Dropbox discloses breach after hacker stole 130 GitHub repositories

The cloud storage provider Dropbox disclosed a recent phishing attack targeting the company’s employees that resulted in unauthorized access to 130 of its GitHub repositories after gaining access to a GitHub account using employee credentials obtained in a phishing attack. The cloud giant said it discovered the breach on October 14 when GitHub notified it of suspicious activity that started the previous day. The multiple Dropboxers received phishing emails impersonating CircleCI, with the intent of targeting our GitHub accounts.

The company’s security team stated that these stolen repositories included “some credentials—primarily, API keys—used by Dropbox developers”. The code and the data around it also included a few thousand names and email addresses belonging to Dropbox employees, current and past customers, sales leads, and vendors (for context, Dropbox has more than 700 million registered users). The company has notified all those affected by this data breach.

The successful breach resulted from a phishing attack that targeted multiple Dropbox employees using emails impersonating the CircleCI continuous integration and delivery platform and redirecting them to a phishing landing page where they were asked to enter their GitHub username and password.
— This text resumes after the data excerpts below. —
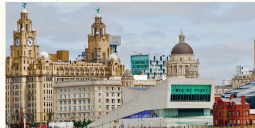
Liverpool - home of the Beatles!
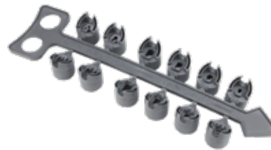
ProStream XL™/ T5 Nozzle Tree 53923
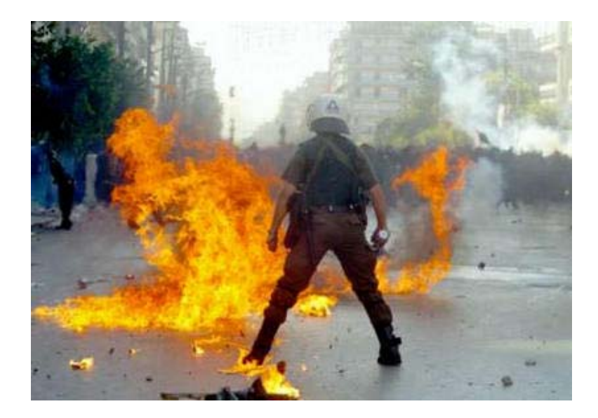
Plate 8. Policeman at the EU summit, Thessaloniki, June 2003.

restrained, unconcerned with the openness and softness of relationship, and built on the disciplined repression of physical needs and desires. This again is reiterated in the particular masculinities of a conventional, humourless and Leninist Left perspective that emphasises the violent necessity of proletarian revolution (e.g. Negri 1984: 73 in Callinicos 2001: 4).
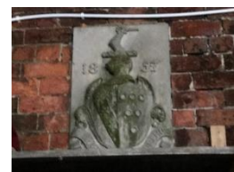
The walled Kitchen Garden showing the Clifton Coat of Arms and the gate piers.
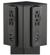
Power Post See pages 138-139
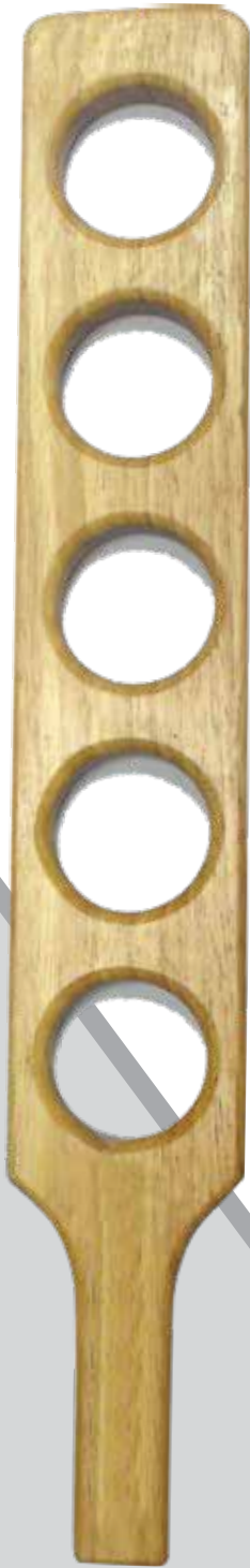
5 HOLE SAMPLER PADDLE
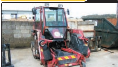
02-LK Toro 455D, 2346 hours, €5,000 + VAT
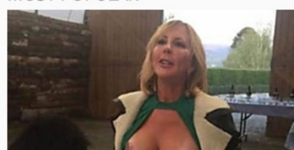
Vicki Gunvalson triggers FBI complaint for topless picture
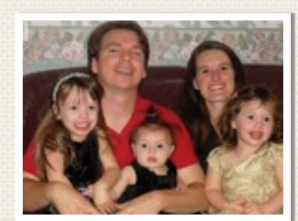
THE WHOLE GANG
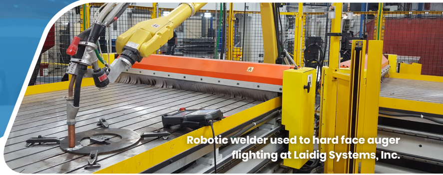
Robotic welder used to hard face auger flighting at Laidig Systems, Inc.
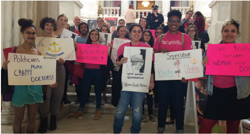
Fearless millennials and long-time supporters of women’s rights rallied together at Lobby Day earlier this spring at the RI State House.
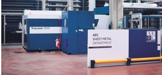
The TruLaser 3030 fiber 2D laser-cutting machine laid the foundations of AEC Illuminazione's close partnership with TRUMPF. Its connection to an automated storage system made production much faster.

achieve this, Bianchi has now connected up 85 percent of the company's machines. The MES generates production schedules and ensures smooth operation of the manufacturing environment. The design engineers can send their CAD drawings straight to the machines, where the data is imported and turned into finished parts as and when they are needed. The MES also collects machine data and key metrics for quality monitoring, machine utilization and production status. "By connecting everything together, we've created a truly transparent production environment. Tailoring our production schedules to the needs of our employees and machines helps to shorten throughput times and improve on-time delivery over the long-term," says Bianchi.
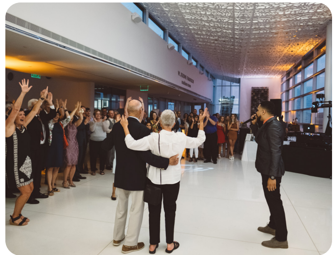
Madison Room

On the same phishing page, the employees were also asked to “use their hardware authentication key to pass a One-Time Password (OTP) to the malicious site.”

After stealing the Dropboxers’ credentials, the attackers gained access to one of Dropbox’s GitHub organizations, where they proceeded to copy 130 of their code repositories.

These repositories included our own copies of third-party libraries slightly modified for use by Dropbox, internal prototypes, and some tools and configuration files used by the security team,” the company added. Dropbox added that the attackers never had access to customers’ accounts, passwords, or payment information, and its core apps and infrastructure were not affected as a result of this breach. Dropbox is working on securing its entire environment using WebAuthn and hardware tokens or biometric factors.

“While GitHub itself was not affected, the campaign has impacted many victim organizations,” GitHub said in an advisory at the time.

GitHub said it detected content exfiltration from private repositories almost immediately after the compromise, with the threat actors using VPN or proxy services to make tracing them more difficult.

 

Remediation:

  • Conduct continuous scheduled training sessions for the employees with mock phishing scenarios.
  • Deploy a SPAM filter that detects malwares, blank senders, etc.
  • Keep all systems current with the latest security patches and updates.
  • Install an antivirus solution, schedule signature updates, and monitor the antivirus status on all equipment.
  • Develop a security policy that includes but isn’t limited to password expiration and complexity.
  • Deploy a web filter mechanism to block malicious website.
  • Encrypt all sensitive company information at rest with the proper backup suites.
  • Implement email encryption for employees that are telecommuting.